The irreverence of Pakistan-born Inayatullah, who was in New Zealand in June (1995) to conduct a workshop for the Futures Trust, is refreshing. 

He is also honest about the times he has got it wrong himself. Along with seven other futurists, he was invited by Hawaiian electrical company Hawaiian Electric to a two-day workshop with senior managers. Each talked for an hour about the key trends which would affect the company in the future. The one event they didn’t take into consideration was the likelihood of a hurricane. A few months later the company took a loss of US$300 million when a hurricane left it overexposed to a local insurance company. 

“The real challenge,” Inayatullah says with hindsight, “is to ask how do you create structures which allow you to respond to what you can’t foresee?” 

Perhaps because he was born in Pakistan and educated in Malaysia and Hawaii, Inayatullah looks at the future through the eyes of different cultures. Business would do well to do the same, he suggests. 

He dismisses linear forecasting as just the early phase of futures thinking, but he has done his share of it. For years he worked for the Hawaiian state judiciary and in 1980 concluded, to people’s disbelief, that the next big trend for the state would be Hawaiian sovereignty.

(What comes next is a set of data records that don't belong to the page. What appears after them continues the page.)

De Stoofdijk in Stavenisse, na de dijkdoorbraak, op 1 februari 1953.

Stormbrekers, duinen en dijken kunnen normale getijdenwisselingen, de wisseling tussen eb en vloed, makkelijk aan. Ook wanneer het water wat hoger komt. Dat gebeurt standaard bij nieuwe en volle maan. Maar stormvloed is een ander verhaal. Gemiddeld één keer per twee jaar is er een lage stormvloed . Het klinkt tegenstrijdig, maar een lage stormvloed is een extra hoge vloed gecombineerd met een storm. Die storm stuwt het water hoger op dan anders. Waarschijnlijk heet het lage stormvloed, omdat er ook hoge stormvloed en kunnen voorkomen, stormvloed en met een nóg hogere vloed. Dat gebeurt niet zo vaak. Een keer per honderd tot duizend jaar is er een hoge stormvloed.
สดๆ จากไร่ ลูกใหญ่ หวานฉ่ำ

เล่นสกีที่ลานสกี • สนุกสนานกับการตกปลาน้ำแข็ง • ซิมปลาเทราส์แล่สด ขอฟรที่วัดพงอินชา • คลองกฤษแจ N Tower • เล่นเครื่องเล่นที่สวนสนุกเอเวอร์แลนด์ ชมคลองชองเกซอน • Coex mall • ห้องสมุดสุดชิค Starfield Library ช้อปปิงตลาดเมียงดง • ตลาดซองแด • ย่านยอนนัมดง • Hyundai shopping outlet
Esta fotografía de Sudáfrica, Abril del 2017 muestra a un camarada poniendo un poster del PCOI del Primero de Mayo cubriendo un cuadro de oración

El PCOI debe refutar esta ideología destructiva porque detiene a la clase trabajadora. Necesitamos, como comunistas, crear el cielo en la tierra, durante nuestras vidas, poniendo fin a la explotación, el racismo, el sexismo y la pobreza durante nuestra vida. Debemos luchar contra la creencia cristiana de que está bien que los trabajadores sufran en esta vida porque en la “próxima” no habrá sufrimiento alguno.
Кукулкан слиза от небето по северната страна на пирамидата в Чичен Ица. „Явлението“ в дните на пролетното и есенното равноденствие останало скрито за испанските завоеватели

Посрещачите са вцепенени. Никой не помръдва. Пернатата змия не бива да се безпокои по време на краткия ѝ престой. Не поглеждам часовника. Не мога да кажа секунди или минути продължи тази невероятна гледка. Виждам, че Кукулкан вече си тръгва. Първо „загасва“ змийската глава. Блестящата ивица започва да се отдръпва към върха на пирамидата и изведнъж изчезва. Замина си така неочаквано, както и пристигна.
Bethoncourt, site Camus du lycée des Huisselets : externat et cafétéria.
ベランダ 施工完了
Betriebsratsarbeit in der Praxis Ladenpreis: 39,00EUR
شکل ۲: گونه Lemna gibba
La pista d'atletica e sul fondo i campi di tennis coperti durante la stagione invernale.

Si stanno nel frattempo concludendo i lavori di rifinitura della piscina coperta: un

Ten years later he was proved right leading him to conclude forecasters can get the general parameters of the future right. “But the issue for us was frustrating. We were trying to tell people what the future was when deep down we knew that really the future was mysterious,” he says. Coupled with that, every time a market forecaster becomes famous, he or she starts to change the market and people change their behaviour as a result, Inayatullah adds, “If the future is interaction between our actions, our beliefs and our images then the issue becomes less what will the future be like and more what do we want, what’s our vision of the future?” 

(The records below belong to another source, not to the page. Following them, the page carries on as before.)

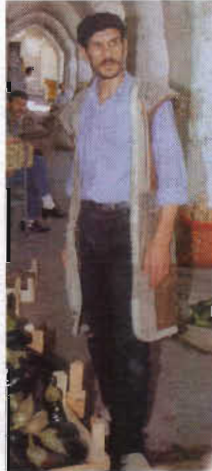
Resim-15: Mardin'e özgü yöresel bir erkek yeleği

Mardin erkeklerinin en çok kullandığı giysilerden biri de önu göğüs hizasına kadar düğmeli olan, boyu ise ayak bileklerine kadar uzanan, genelde de sade renkli olarak kullanılan uzun gömleklere (Resim-14). Özellikle yaz günlerinin sıcak geçtiği Mardin ve civarında bu giysi, şehirlili ya da ova erkekleri tarafından daha fazla tercih edilmektedir. Mardin yöresine özgü bir dokumadan yapılan uzun boylu bir yelek türü de Resim-15'te görülmektedir. Kış günlerinde kullanılan bu yeleklerle beraber, Mardin erkeklerin en çok kullandığı giysi parçalarından biri de başlama sardıkları puşulardır. Kışın soğuktan ve kardan koruyan puşu yazın da sıcaktan ve güneşten koruma görevi taşır (Resim-16).
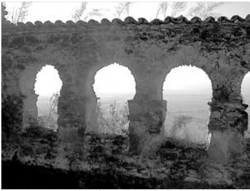
მიდორის ქართული არქივიდან
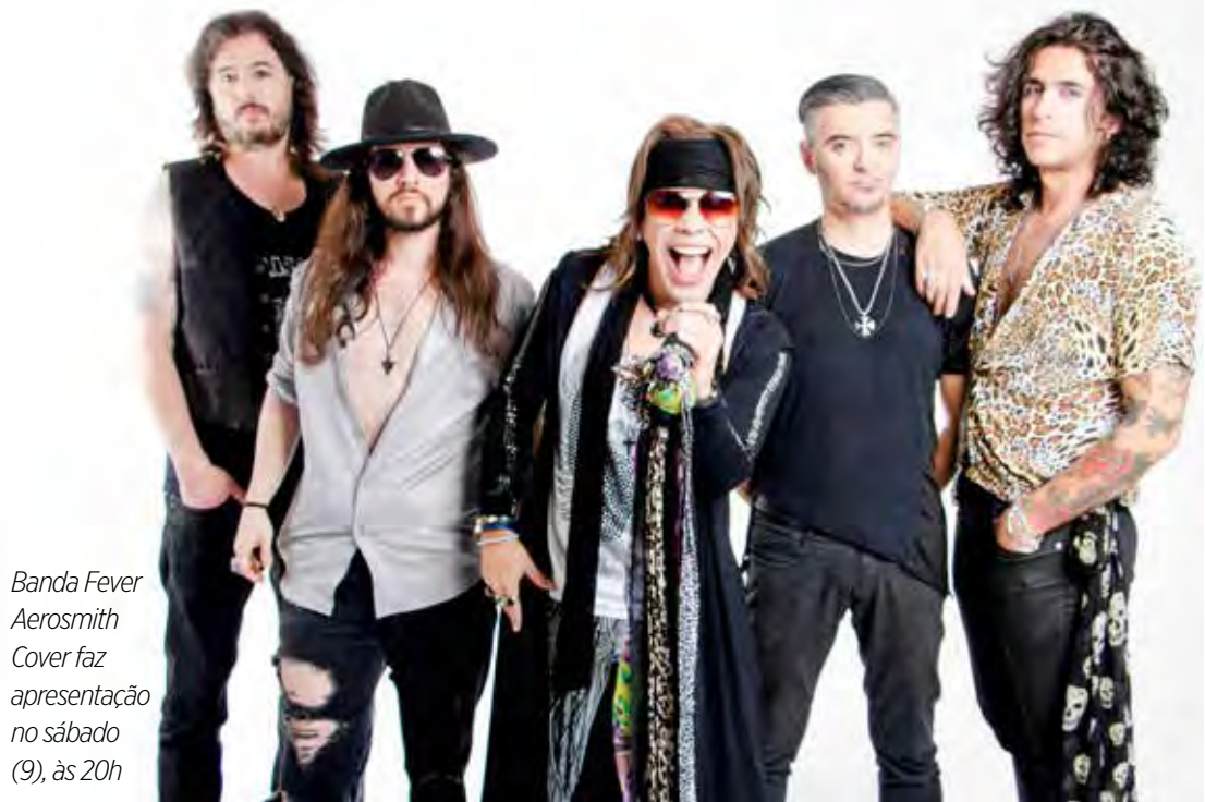
Banda Fever Aerosmith Cover faz apresentação no sábado (9), às 20h
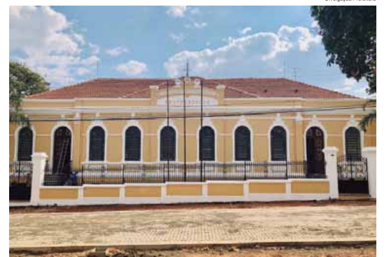
O Museu Gustavo Teixeira é um dos destaques para os passeios da Melhor Viagem

Em um estado plural e rico como São Paulo, receber esse destaque como destino para o público da Melhor Idade reforça o papel de São Pedro como um dos principais destinos turísticos do interior, impulsionando ainda mais a vocação da hospitalidade e da gastronomia são-pedrenses, abrindo um mercado muito maior para as empresas ligadas ao Turismo da cidade.

Enter the business schools with corporate vision workshops and mission statements. 

Inayatullah, who is currently based at the Queensland University of Technology, believes vision workshops can be useful as long as managers do not use them simply to gain allegiance from the troops. Used properly, they can help define a “preferred possibility”. “The future becomes a possibility to create different types of businesses and different types of people,”he says. 

The best business are the ones that know who they are and in a crisis can go back to their basic sense of identity. Take IBM’s line that it is in the business of providing solutions. “That is saying we cannot forecast the future but we have a sense of what people really want at some deeper level and that becomes a way to create the future,” he says. “There’s always uncertainty so you have to have an organisation which use metaphors of itself which are flexible and fluid.” 

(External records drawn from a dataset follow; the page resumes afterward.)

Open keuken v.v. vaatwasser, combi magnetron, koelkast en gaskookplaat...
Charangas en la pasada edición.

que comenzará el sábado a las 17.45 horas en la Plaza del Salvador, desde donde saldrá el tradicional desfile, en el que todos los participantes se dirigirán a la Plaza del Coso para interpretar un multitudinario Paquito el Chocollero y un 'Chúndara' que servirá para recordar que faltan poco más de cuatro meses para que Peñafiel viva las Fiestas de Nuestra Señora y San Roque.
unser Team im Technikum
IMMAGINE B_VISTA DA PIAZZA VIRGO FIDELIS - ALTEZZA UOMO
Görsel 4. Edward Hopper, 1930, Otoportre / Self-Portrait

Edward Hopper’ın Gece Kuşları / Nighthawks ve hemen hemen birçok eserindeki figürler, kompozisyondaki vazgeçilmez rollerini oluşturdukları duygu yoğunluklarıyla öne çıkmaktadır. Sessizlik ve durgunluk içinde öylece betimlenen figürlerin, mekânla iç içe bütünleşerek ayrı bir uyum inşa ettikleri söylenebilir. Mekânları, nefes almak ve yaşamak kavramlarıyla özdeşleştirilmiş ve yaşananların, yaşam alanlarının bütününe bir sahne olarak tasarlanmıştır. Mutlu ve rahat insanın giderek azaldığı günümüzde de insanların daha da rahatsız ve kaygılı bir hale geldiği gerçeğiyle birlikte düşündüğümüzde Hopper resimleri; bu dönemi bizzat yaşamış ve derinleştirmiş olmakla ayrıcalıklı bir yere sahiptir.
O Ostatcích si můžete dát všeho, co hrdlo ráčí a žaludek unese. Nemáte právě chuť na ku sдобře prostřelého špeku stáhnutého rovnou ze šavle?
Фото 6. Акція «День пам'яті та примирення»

Myths and metaphors are among Inayatullah’s favourite mechanisms for making sense of the future. The Japanese, for instance, draw on old Confucian metaphors of harmony. “It’s therefore obvious to them that if you live in harmony you have state and business working together.” 

“Indians in contrast evoke the onion,” he says. “It is the unveiling of the self that is crucial, for them.” 

Other metaphors include the idea of a fork in the road giving you two directions to choose. Or there’s the dice – you can’t predict the future so you may as well roll the dice. Or there’s the American idea of total choice – the future is an ocean and a company can go wherever it pleases. “In contrast, for example, is the metaphor some Fijians use: being a passenger in a car driven by a blindfolded driver.” “What a perfect metaphor for their dependency on international capital.” 

Or take the popular idea that the future is a stream with hidden rocks to be watched for. All of these are culturally specific, Inayatullah says, and must be derived from how people inside an organisation see themselves. 

“The key (for a company or society) is to find out what their own metaphor is and to ask whether that helps or hurts their mission.” 

“Of course you can’t only exist in metaphorical space. Metaphors have to be translated into day-to-day activities.” “The future has to help transform today.”